▶ Exercise instructions:
Below are records with pictures; copy word for word only the lines between the line with "毎週火曜日は、ALTのジュビ" and the line with "11月から事業所内に設置し、", inclusive, and drop the pictures.

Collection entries
═══

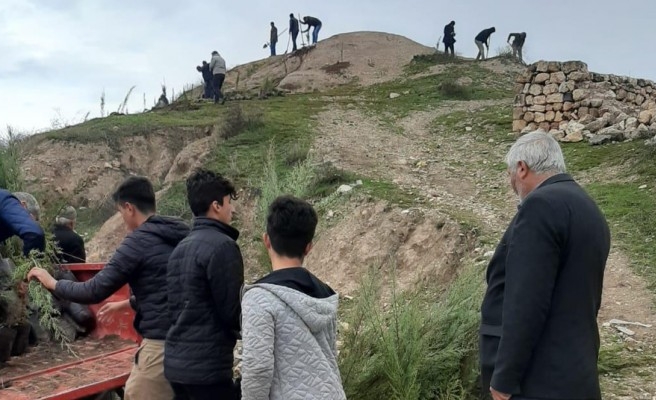 Bozova İlçesine bağlı Arıkök Köyünde vatandaşlar bin adet fidanı toprakla buluşturdu.
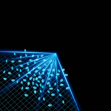 白色背景上,由蓝色半透明渐变线条构成的抽象科技感图案,线条呈现出波浪状的流动形态,点缀着发光的蓝色光点,整体画面简洁、现代,具有未来感和科技感,线条和光点的排列形成了富有节奏感的视觉效果。
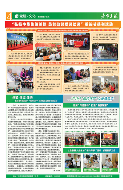 我院与卫计委、志愿者联合会和央视新闻中心等联手开展敬老爱老公益活动:
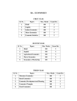 BA - ECONOMICS FIRST YEAR Sl. No. Papers Max. Marks Exam Hrs. 1. Hindi 100 3 2. English 100 3 3. Indian Economics 100 3 4. Micro Economics 100 3 5. Economic Statistics 100 3 SECOND YEAR Sl. No. Papers Max. Marks Exam Hrs. 1. Hindi 100 3 2. English 100 3 3. Agricultural Economics 100 3 4. Macro Economics 100 3 5. Economics of Marketing 100 3 THIRD YEAR Sl. No. Papers Max. Marks Exam Hrs. 1. Monetary Economics 100 3 2. Rural Economics 100 3 3. Economics Development and Planning 100 3 4. Economics Thoughts 100 3 5. Fiscal Economics 100 3 FIRST YEAR Paper – 1 Hindi Paper – 2 ENGLISH PAPER – I Detailed Text PROSE 1. In Prison – Jawaharlal Nehru 2. What is Science? – George Orwell 3. On Marriages – Nirad Chaudari 4. The Luncheon – N. Somerset Maugham 5. The Mourners – V. S. Naipaul 6. The Plane Crash – Juliane Koepcke 7. Better Late – R.K. Narayan POETRY 1. Polonius’ Advice t his Son – William Shakespeare 2. Every Town a Home Town - Kaniyan Purkunran 3. The Village Schoolmaster – Oliver Goldsmith 4. The Solitary Reaper – William Wordsworth 5. On his Blindness – John Milton 6. The Tyger – William Blake Non-Detailed Text : THE GIFTS AND OTHER STORIES abridged and simplified by Anthony Toyne – Oxford University Press, 1997. The following stories 1. The Gifts – O. Henry 2. The Two Friends – Guy de Maupassant 3. The Bear Hunt – Leo Tolstoy 4. The Goblins and the Grave Digger – Charles Dickens 5. The Nightingale and the Rose – Oscar Wilde GRAMMER 1. Articles and Prepositions 2. Infinitives and Gerunds 3. Five basic sentence patterns (SV SVC, SVO, SVOO, SVOC(A)) 4. Arranging the component parts so as to form a sentence 5. Language work at the end of all lessons 6. Language work at the end of all lessons 7. Question Tag, Active and Passive Voice 8. Degrees of Comparison COMPOSITION 1. Letter Writing (Formal and Informal) 2. Developing the hints 3. Comprehension 4. Writing Telegram 5. Completion of a passage 6. Precis Writing PAPER – III INDIAN ECONOMICS UNIT – I: AGRICULTURAL ECONOMY Agriculture in the National Economy - Causes for low Agricultural Productivity Agricultural Marketing - Food Problem - Green Revolution. UNIT – II: INDUSTRIAL ECONOMY Large scale industries (Iron and Steel, Cotton, Sugar) - Industrial Policy - New Economic Policy - Privatization –Liberalization. NIT - III: DEMOGRAPHY Population problem and policy – unemployment: Nature, Causes and Remedies – poverty: Nature, Causes, Measurement and Eradication – National Income – National Income: Trends, Estimation and Limitation. UNIT – IV: FOREIGN TRADE Foreign Trade: Importance, Volume, Composition and Direction – Export and Import Policy – Balance of Payments: Disequilibrium, Causes and Remedies. UNIT – V: PLANNING Economic Planning – Objectives – Strategy – Four decades of planning in India - Ninth Plan – Financial Resources for the plans – Public Sector in Indian Planning. TEXT BOOK: Ruddar Dot and K.P.M. Sundaram : Indian Economy PAPER – IV MICRO ECONOMICS UNIT – I: BASIC CONCEPTS AND PROBLEMS Definition and Scope of Economics: Smith, Marshall and Robbins – Approaches to Economic Analysis: Micro and Macro Analysis – Introduction and Deductive Methods – Nature of Economic laws. UNIT – II: CARDINAL UTILITY ANALYSIS Law of diminishing marginal utility – law of Equi – Marginal Utility – Law of Demand: Downward sloping curve – Exceptional demand curve – Conditions of demand – Types of demand – Extension and Contraction Vs decrease in demand – Elasticity of demand: Types and Measurement. UNIT – III: ORDINAL UTILITY ANALYSIS Indifference curve: Properties – Consumer’s Equilibrium – Income Effect, Price Effect and Substitution Effect –Indifference curve technique Vs Marshallian Utility Analysis – Consumer’s surplus - Uses of indifference curve. UNIT – IV: FACTOR ANALYSIS Factors of Production - Land: Meaning and importance – Labour: Meaning, Peculiarities, efficiency, division of Labour – Theories of Population – Capital: Meaning, Types – Capital Formation – Functions of an Entrepreneur. UNIT – V: SUPPLY ANALYSIS Production possibility Curve – Production Function – Economics of scale: Internal and External Economics – Law of Variable proportions – Returns to scale – Producer’s equilibrium – Concept of Cost: Relation between total, average cost, short run and long run cost – law of supply. TEXT BOOK: Dr. R. CAUVERY et al- MICRO ECONOMIC THEORY. PAPER – V ECONOMIC STATISTICS UNIT – I: Statistics – Meaning – Definition - Function and Scope of Statistics – Methods of Collection Data – Classification of Data: Objective and Types – Tabulation – Frequency Distribution – Sampling and Survey. UNIT – II: Types of Bar Diagrams and Pie Diagrams – Graphs of Frequency Distribution: Histogram, Frequency Polygon, and Smoothed Frequency Curve – Orgives – Lorenz Curve. UNIT – III : Mean – Median – Mode – Measures of Dispersion: Range, Mean Deviation, Standard Deviation, Variance and Coefficient of Variation – Concepts of Skew ness and Kurtosis. UNIT IV Correction- types of correction-uses, measures of correction. Lineal sample correctionkarl pearson’s coefficietn of correlation- rank correlation. Simple regression analysis. Regressi9n equations. Relationship between regression coefficient and correlation coefficient UNIT V Index numbers. Definition of index numbers, uses problems, methods of construction of index numbers. Test of index numbers. Chain and fixed base index cost of luring index number. TEXT BOOK: Bhagavathi and Pillai : Statistics S.P Gupta : Statistics SECOND YEAR Paper – VI Hindi Paper – VII ENGLISH PAPER – II Detailed Text PROSE 8. A Visit to India – Julian Huxley 9. University Days – James Thurber 10. I Have a Dream – Martin Luther King 11. The Story Teller – H.H. Munro (Saki) 12. George Bernard Shaw – Bertrand Russel 13. Only then shall w
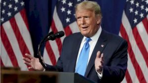 Then-President Donald Trump speaks during the first day of the Republican National Cnvention in 2020 in Charlotte, N.C. Chris Carlson/The Associated Press
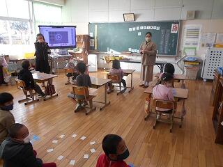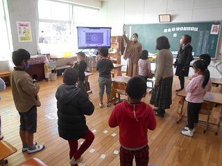 毎週火曜日は、ALTのジュビ先生が来校される日です。本校では、1年生・2年生と合同で外国語活動を行います。
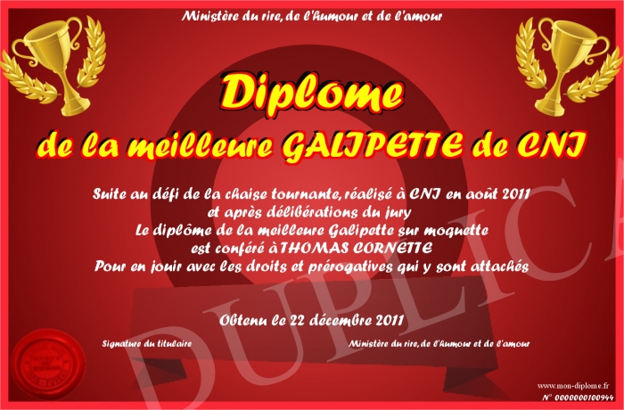 Envoyez par email votre Diplôme de la meilleure GALIPETTE de CNI personalisé
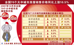 ????? 本報(bào)訊 據(jù)國(guó)家發(fā)展改革委、國(guó)家統(tǒng)計(jì)局調(diào)查顯示,2007年12月,全國(guó)70個(gè)大中城市房屋銷售價(jià)格同比上漲10.5%,漲幅與上月持平;環(huán)比上漲0.2%,漲幅比上月降低0.6個(gè)百分點(diǎn)。
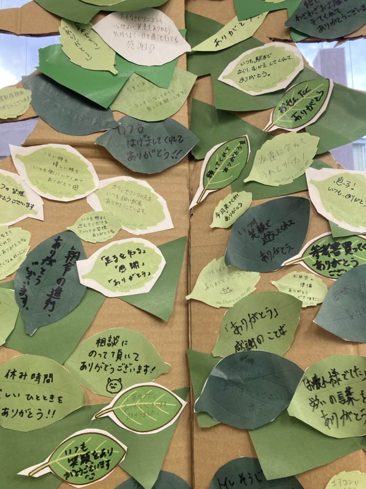11月から事業所内に設置し、利用者さんやスタッフが【ありがとうと感じた出来事】や【嬉しかった事】を文字に書いて土台の樹に張り付けて写真のように立派になりました。
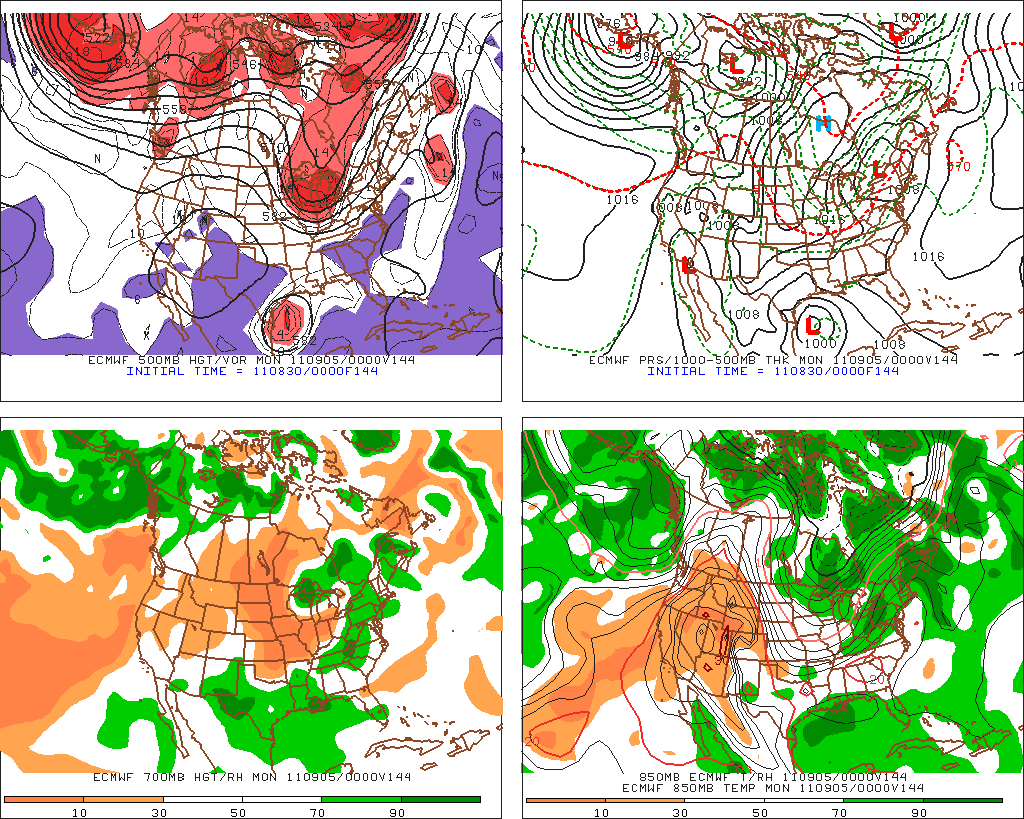 The 00Z GFS, Euro and UKMET suggest a big slug of tropical moisture heading toward the LA and TX. While the models are slowing development until later in the weekend/Labor Day, they do suggest increase rain chances and develop a closed low. The GFS suggests a low off the S/SW LA Coast meandering W and S along the Middle/Upper TX Coast by Monday into Tuesday, while the Euro closes off a low S of SE TX heading S and W to near offshore of Corpus next Tuesday that eventually comes ashore near Brownsville/NE MX...
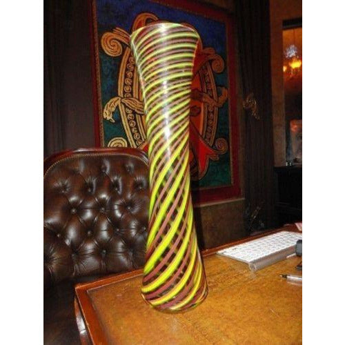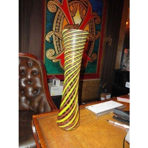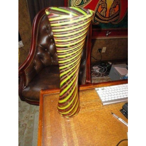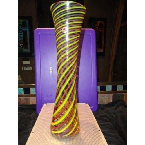 This is a Italian made in Murano ,Italy glass swirl colored tall vase. Measure approx 17 3/4" tall with 4 7/8" width at top. Comes with sticker attached. We ship Worldwide fully insured . Signature required upon delivery.
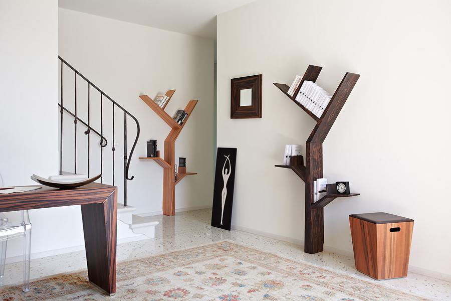 ¿Quién dijo que una biblioteca hogareña ciertamente debería ser hileras aburridas de estanterías o estanterías, como en una biblioteca normal? Después de todo, es posible hacerlos no solo un depósito de sabiduría de papel, sino también un elemento de diseño original, una decoración real del interior. Considere las opciones más interesantes que sin duda le gustarán. Tal vez quieras hacer algo similar al pedido o por tu cuenta.
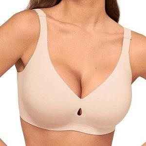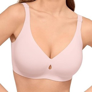 跨境亚马逊无痕大码文胸V领小水滴光面聚拢无钢圈舒适U型美背内衣

═══

▶ Solution for this exercise:
 毎週火曜日は、ALTのジュビ先生が来校される日です。本校では、1年生・2年生と合同で外国語活動を行います。
 Envoyez par email votre Diplôme de la meilleure GALIPETTE de CNI personalisé
 ????? 本報(bào)訊 據(jù)國(guó)家發(fā)展改革委、國(guó)家統(tǒng)計(jì)局調(diào)查顯示,2007年12月,全國(guó)70個(gè)大中城市房屋銷售價(jià)格同比上漲10.5%,漲幅與上月持平;環(huán)比上漲0.2%,漲幅比上月降低0.6個(gè)百分點(diǎn)。
11月から事業所内に設置し、利用者さんやスタッフが【ありがとうと感じた出来事】や【嬉しかった事】を文字に書いて土台の樹に張り付けて写真のように立派になりました。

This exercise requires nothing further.